Chereads / Rumah Tanpa Cinta / Chapter 184 - Memeluk Bulan

Chapter 184 - Memeluk Bulan

Flashback ON

Mika POV

Biasanya aku paling malas ke dokter. Aku memang jarang sakit. Kalau sakit pun aku paling segan berobat. Tetapi kali ini, aku yang mengajak Devan memeriksakan diri.

"Mula-mula kami akan melakukan pemeriksaan darah," kata Dokter Namira selanjutnya. "Mencari kalau-kalau ada infeksi pemeriksaan hormon. Selanjutnya pemeriksaan radiologis."

Aku tidak membantah. Aku mengikuti saja semua anjuran dokter. Aku melakukan semua pemeriksaan yang dibutuhkan. Pemeriksaan yang terakhir itu untuk memeriksa rahim dan tuba. Melihat kalau-kalau ada gangguan pada alat reproduksiku misalnya saja sumbatan pada tuba, sehingga suamiku tidak dapat mencapai sel telur untuk membuahiku.

Ketika aku sudah selesai menjalani sederet pemeriksaan, giliran Devan yang diperiksa. Kami diharuskan melakukan hubungan pada hari-hari suburku. Kemudian dalam dua jam sesudah dokter memeriksa apakah sperma Devan cukup poten untuk membuahi sel telurku.

Devan dinyatakan sehat. Dia potensial untuk menjadi seorang ayah. Jumlah spermanya cukup, mobilitasnya juga baik.

Tetapi rahimku tidak cukup subur untuk menghidupi dan membesarkan seorang janin.

"Jangan khawatir, Bu," hibur Dokter Namira yang merawatku. "Anda harus terus berusaha. Jangan putus asa. Karena kondisi psikis juga mempengaruhi."

Pengobatan demi pengobatan telah aku jalani. Vitamin. Mineral. Hormon. Makanan bergizi. Bahkan istirahat yang cukup. Rekreasi bersama suami. Konseling secara teratur. Semua aku patuhi.

Silih berganti pula dokter dan klinik yang aku kunjungi. Namun hasilnya tetap mengecewakan.

"Ibu tidak mandul," hampir semua dokter yang aku kunjungi berkata demikian untuk membesarkan hatiku. "Proses ovulasi baik, tuba terbuka, tidak ada penyakir di rahim seperti endometriosis yang akan menyulitkan kehamilan."

Tapi apa namanya wanita yang tidak dapat melahirkan anak kalau bukan mandul?

***

"Rasanya tidak mungkin, Dok," gumamku terbata-bata. "Suami saya... rasanya... dia keberatan untuk melakukan konsepsi, dimana meminjam rahim seorang wanita yang memiliki rahim yang sehat.
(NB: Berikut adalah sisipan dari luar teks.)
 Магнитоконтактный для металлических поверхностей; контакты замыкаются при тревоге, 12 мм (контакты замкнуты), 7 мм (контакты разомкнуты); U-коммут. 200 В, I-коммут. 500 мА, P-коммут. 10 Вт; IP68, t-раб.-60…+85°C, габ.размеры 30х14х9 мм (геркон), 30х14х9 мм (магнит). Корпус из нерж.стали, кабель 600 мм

Dan wanita itulah yang akan mengandung dan melahirkan anaknya!"

"Jalan lain adalah adopsi,"

Tapi Devan menginginkan anak kandung! Anak yang lahir dari rahim istrinya, yang berasal dari benihnya!

"Suami saya tidak mau mengangkat anak, Dok," desahku lirih.
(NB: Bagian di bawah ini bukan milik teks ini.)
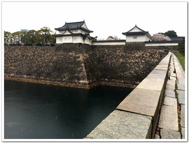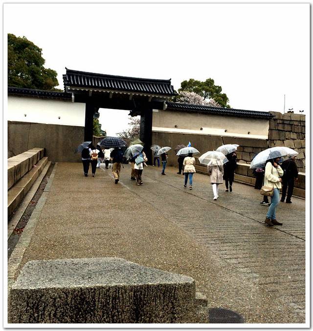 我们到达大阪城下的时候,天空飘起小雨,冒雨游古城也是一番意境。
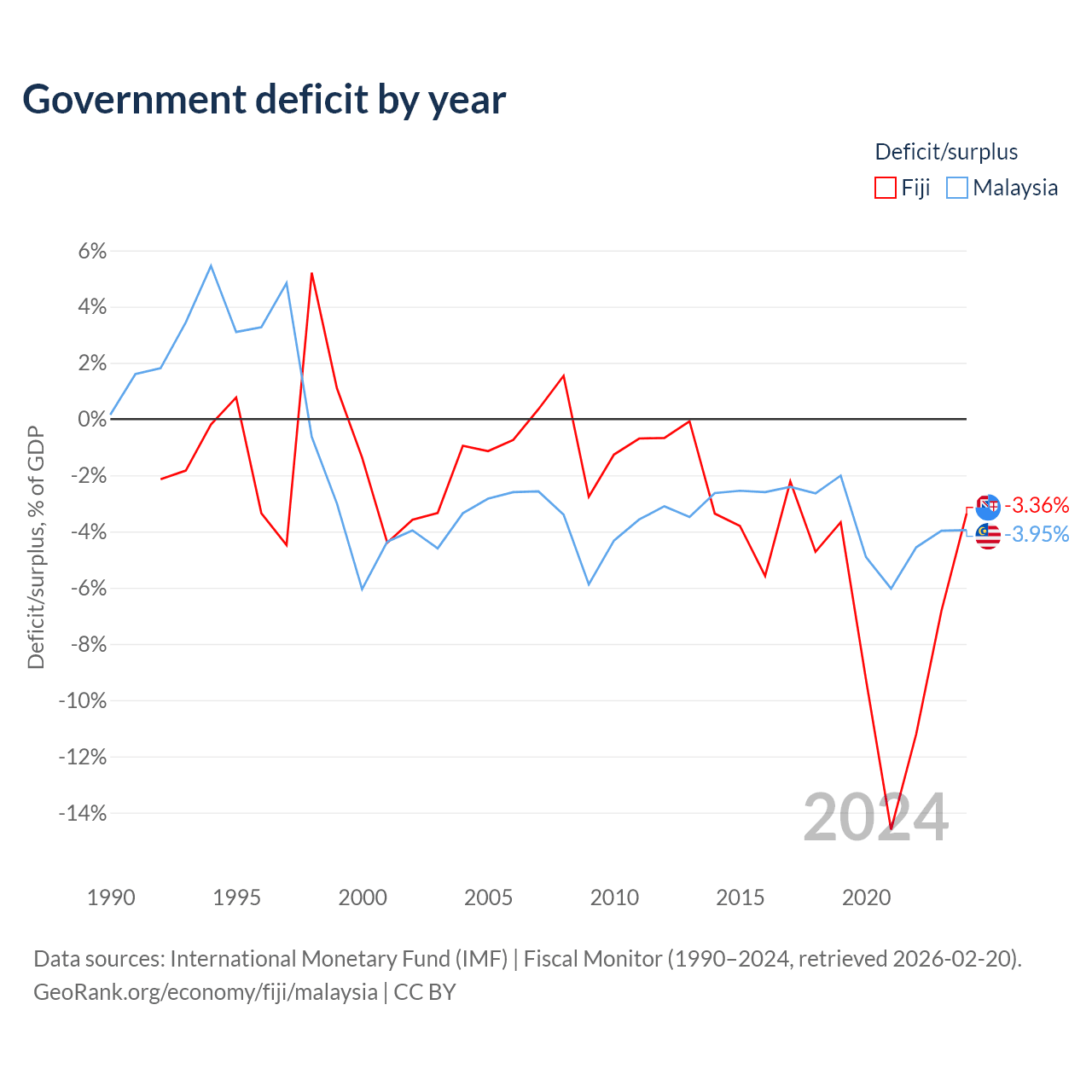 - International Monetary Fund (IMF) | Fiscal Monitor (1990–2024, retrieved 2026-02-20)

"Kalau begitu, cobalah membicarakan solusi yang pertama. Memang agak sulit mencari ibu yang mau mengandung dan melahirkan anak orang lain. Tapi dengan ganti rugi yang memadai, kita dapat mencari dan mengusahakan kemungkinan itu. Tentu saja kita akan mencari ibu yang benar-benar sehat."

"Ba... bagaimana kalau... kalau bayi.... tabung, Dok?"

"Bayi tabung artinya mempertemukan sel telur ibu dan sperman suami ibu atau sperma dari seorang donor di luar rahim. Sel telur, sperma dan media pembiakannya dimasukkan ke dalam tabung. Jika sudah terjadi pembuahan, hasil konsepsi itu ditanamkan kembali di rahim ibu. Tetapi jika endometrium rahim ibu tidak cukup subur untuk tempat bernidasi, implantasi itu akan gagal juga. Janin akan gugur. Dan terjadi abortus."

"Apakah tidak mungkin untuk dicoba, Dok?" pintaku separuh memohon. "Siapa tahu hasil pembuahan itu sudah lebih kuat waktu ditanam di rahim saja..."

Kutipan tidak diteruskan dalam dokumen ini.